В этот же день был допрошен Евграф Жамбалов. Он в дополнение к показаниям, данным им в 1914 г., сказал, что Толстой — «человек очень сердитый и гордый, при том с женой своей часто ссорился, а также бил таковую, с окружающими инородцами поступал грубо». О происшедшей между ними ссоре он рассказал, что он выгнал лошадь Толстого из ограды двора в огороженный телятник, чтобы она не гадила во дворе. «За это Толстой меня хотел побить и, держа стяг[28] в руках, говорил: «Я тебя убью»». «Ввиду обращения строгого со своей семьей, а также со мной, я полагаю, что лишить жизни инженера Перетолчина ничего не составило вредного для Толстого, который мог убить его из-за ссоры или зависти».

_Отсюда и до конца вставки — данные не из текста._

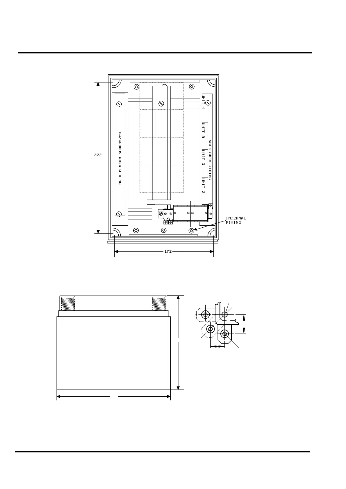Fig. 2 Overall and Fixing Dimensions for UC4 8-Way Housing- for I.S.Sounder Driver/EXI800 MX Loop Interface/

В середине июля, 13-го числа, пристав 3-го стана Иркутского уезда Щорс, рассмотрев дознание, составленное урядником Кухарским, постановил: Толстого подвергнуть задержанию при Тункинской тюрьме.
Тогда же, 13 июля, был допрошен приставом Ефим Безотчества. Показания его в 1914 г. изложены выше. Здесь можно отметить некоторые новые факты, им сообщенные. Толстой сказал Перетолчину при найме проводника в Окинском карауле: «Зачем вам платить лишние два рубля. Я местность хорошо знаю, и так как я еду с вами вместе, то вожака нам никакого не надо». Но Ефим при этом разговоре не присутствовал, и это сообщение, очевидно, сделано по рассказам.
28
Стяг — шест или жердь. — Прим. ред.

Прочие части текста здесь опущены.